DATA UNDER STUDY Block Start

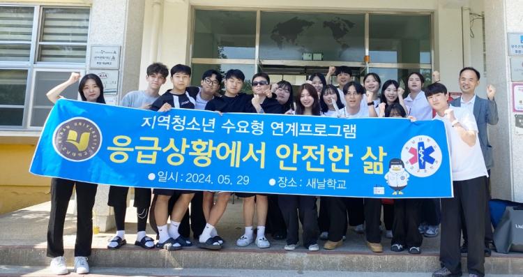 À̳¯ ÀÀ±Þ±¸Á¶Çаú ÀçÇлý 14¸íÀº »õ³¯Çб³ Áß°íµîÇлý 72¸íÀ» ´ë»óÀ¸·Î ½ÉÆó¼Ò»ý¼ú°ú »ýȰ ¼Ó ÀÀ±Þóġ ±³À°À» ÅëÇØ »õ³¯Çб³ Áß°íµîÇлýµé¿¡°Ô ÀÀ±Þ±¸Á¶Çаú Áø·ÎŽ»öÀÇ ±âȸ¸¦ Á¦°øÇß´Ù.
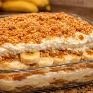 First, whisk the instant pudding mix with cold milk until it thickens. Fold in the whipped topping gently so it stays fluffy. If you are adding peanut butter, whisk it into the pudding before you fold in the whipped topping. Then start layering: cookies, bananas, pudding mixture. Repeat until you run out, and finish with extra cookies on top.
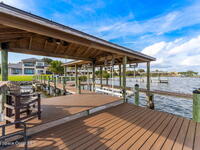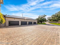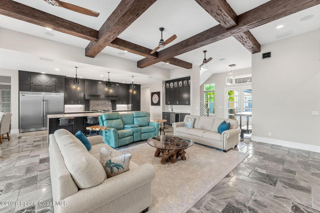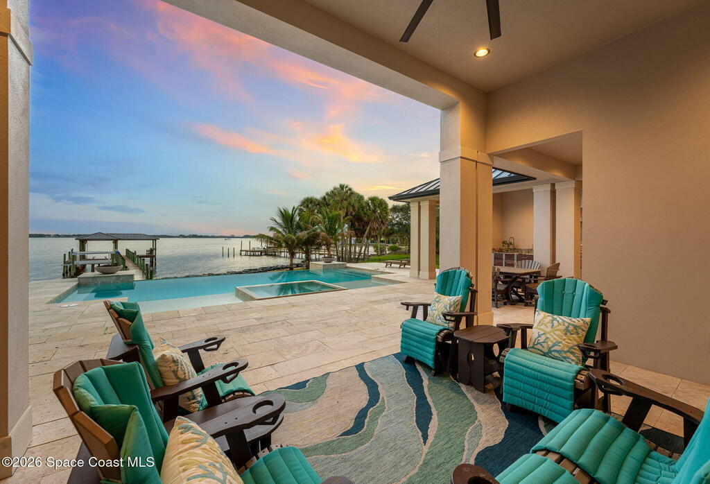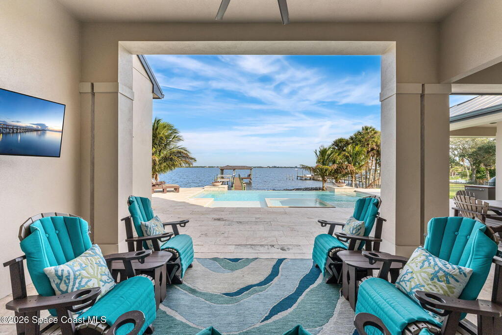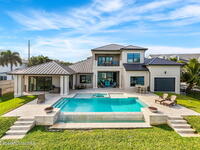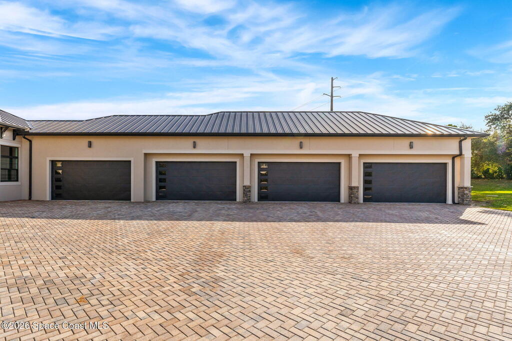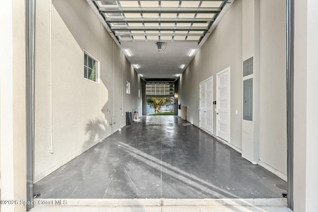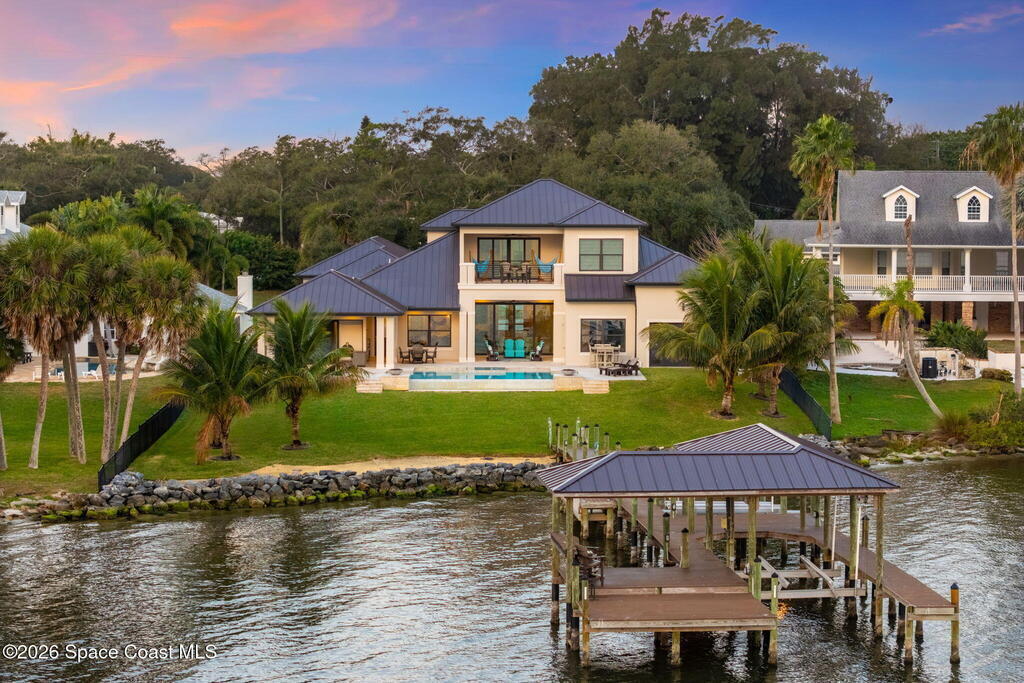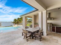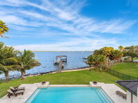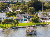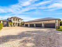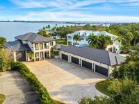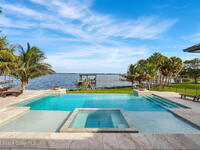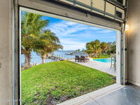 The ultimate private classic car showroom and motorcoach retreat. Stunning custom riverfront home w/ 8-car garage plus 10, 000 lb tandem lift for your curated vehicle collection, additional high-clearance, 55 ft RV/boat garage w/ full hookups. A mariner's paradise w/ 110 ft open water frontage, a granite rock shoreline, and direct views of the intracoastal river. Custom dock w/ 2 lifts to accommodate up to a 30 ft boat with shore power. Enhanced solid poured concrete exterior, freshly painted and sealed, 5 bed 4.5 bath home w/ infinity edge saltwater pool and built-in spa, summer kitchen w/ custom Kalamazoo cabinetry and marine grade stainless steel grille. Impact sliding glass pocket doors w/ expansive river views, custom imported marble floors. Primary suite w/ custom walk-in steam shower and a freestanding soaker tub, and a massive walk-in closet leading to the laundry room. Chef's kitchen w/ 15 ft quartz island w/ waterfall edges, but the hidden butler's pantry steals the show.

DATA UNDER STUDY Block End
DATA UNDER STUDY Block Start

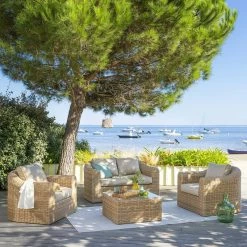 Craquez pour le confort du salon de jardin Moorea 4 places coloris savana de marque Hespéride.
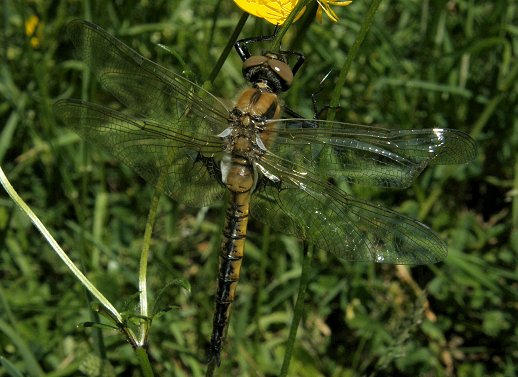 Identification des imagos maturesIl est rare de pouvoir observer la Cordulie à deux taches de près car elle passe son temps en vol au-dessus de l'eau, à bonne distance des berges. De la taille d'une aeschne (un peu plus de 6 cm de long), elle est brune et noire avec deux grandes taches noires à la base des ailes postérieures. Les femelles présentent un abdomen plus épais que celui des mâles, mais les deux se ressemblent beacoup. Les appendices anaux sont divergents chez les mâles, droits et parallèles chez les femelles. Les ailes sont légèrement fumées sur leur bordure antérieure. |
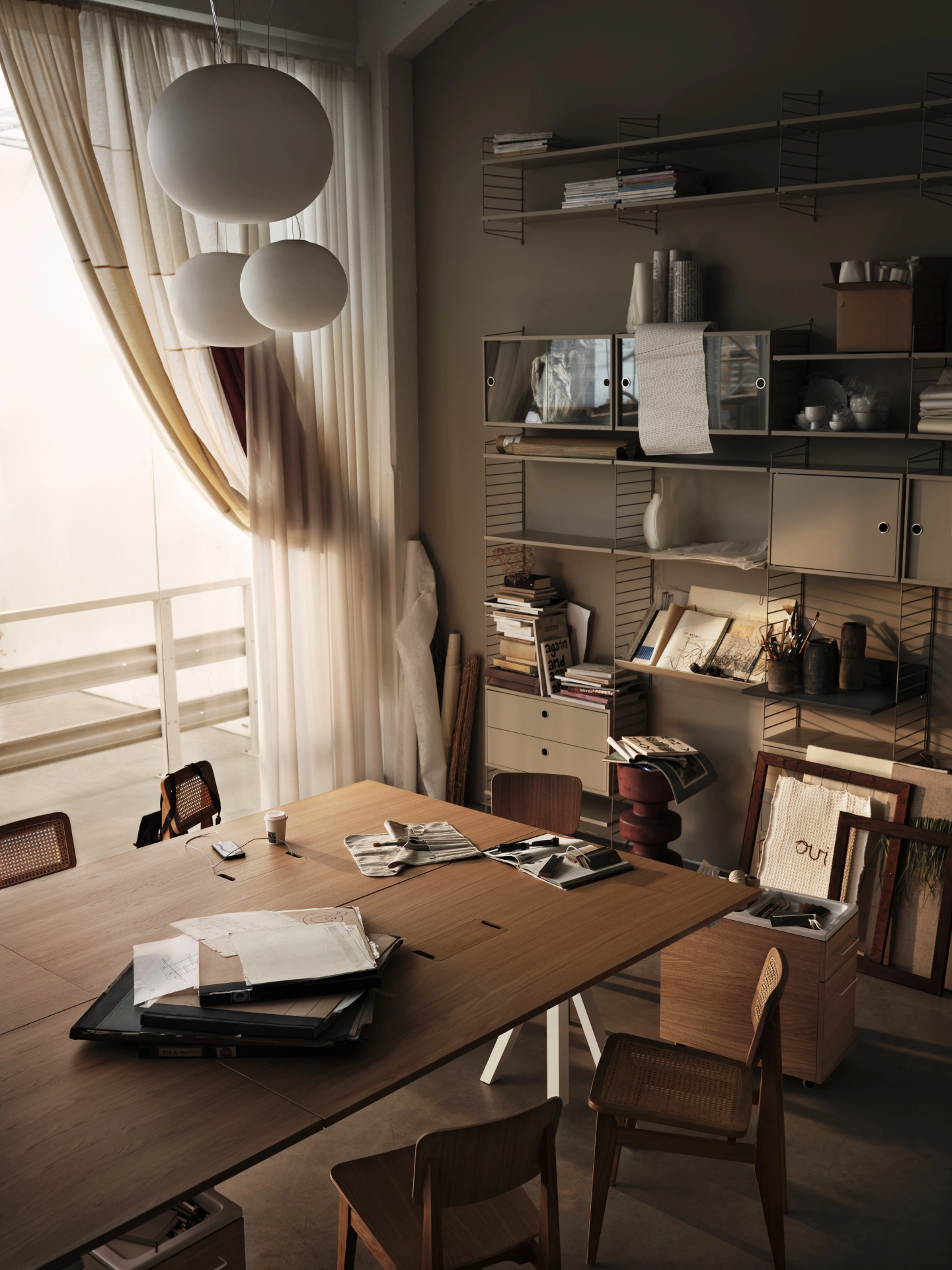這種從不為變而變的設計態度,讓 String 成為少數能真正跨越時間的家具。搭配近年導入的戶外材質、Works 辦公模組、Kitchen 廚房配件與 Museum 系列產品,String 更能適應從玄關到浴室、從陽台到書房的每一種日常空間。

DATA UNDER STUDY Block End
DATA UNDER STUDY Block Start

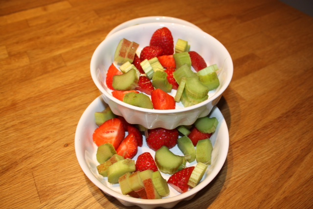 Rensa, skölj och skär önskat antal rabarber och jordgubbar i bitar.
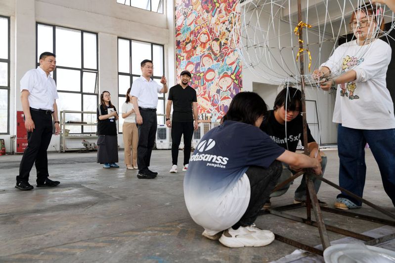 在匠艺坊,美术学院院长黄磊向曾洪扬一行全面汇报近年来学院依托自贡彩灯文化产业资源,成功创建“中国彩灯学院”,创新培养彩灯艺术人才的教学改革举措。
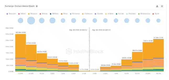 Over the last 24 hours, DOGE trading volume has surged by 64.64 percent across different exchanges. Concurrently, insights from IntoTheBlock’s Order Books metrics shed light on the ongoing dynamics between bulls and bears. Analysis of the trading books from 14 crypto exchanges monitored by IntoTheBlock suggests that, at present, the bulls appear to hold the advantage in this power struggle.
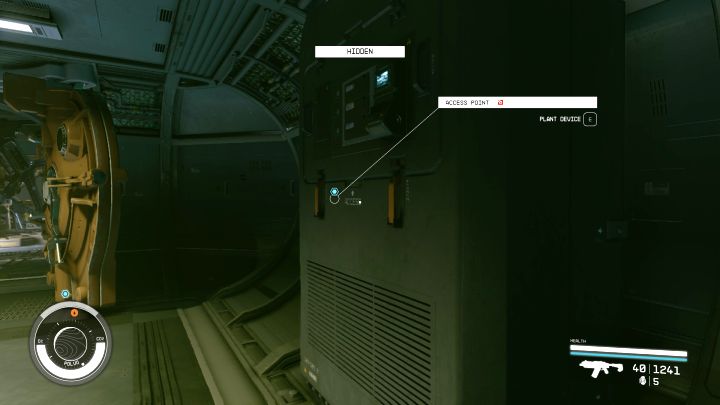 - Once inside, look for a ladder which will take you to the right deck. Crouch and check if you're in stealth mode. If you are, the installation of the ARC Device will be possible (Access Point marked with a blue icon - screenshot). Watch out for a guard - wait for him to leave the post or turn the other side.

DATA UNDER STUDY Block End

*ACTIVITY*: Look back over the records above. Reproduce exactly everything from the line with "Craquez pour le" down to the line with "這種從不為變而變的設計態度,讓 String 成為少數能真正跨越時間的家具。搭配近年導入的戶外材質、Works", inclusive, and leave the pictures out.

*RESULT OF THE TASK*:
 Craquez pour le confort du salon de jardin Moorea 4 places coloris savana de marque Hespéride.
 Identification des imagos maturesIl est rare de pouvoir observer la Cordulie à deux taches de près car elle passe son temps en vol au-dessus de l'eau, à bonne distance des berges. De la taille d'une aeschne (un peu plus de 6 cm de long), elle est brune et noire avec deux grandes taches noires à la base des ailes postérieures. Les femelles présentent un abdomen plus épais que celui des mâles, mais les deux se ressemblent beacoup. Les appendices anaux sont divergents chez les mâles, droits et parallèles chez les femelles. Les ailes sont légèrement fumées sur leur bordure antérieure. |
這種從不為變而變的設計態度,讓 String 成為少數能真正跨越時間的家具。搭配近年導入的戶外材質、Works 辦公模組、Kitchen 廚房配件與 Museum 系列產品,String 更能適應從玄關到浴室、從陽台到書房的每一種日常空間。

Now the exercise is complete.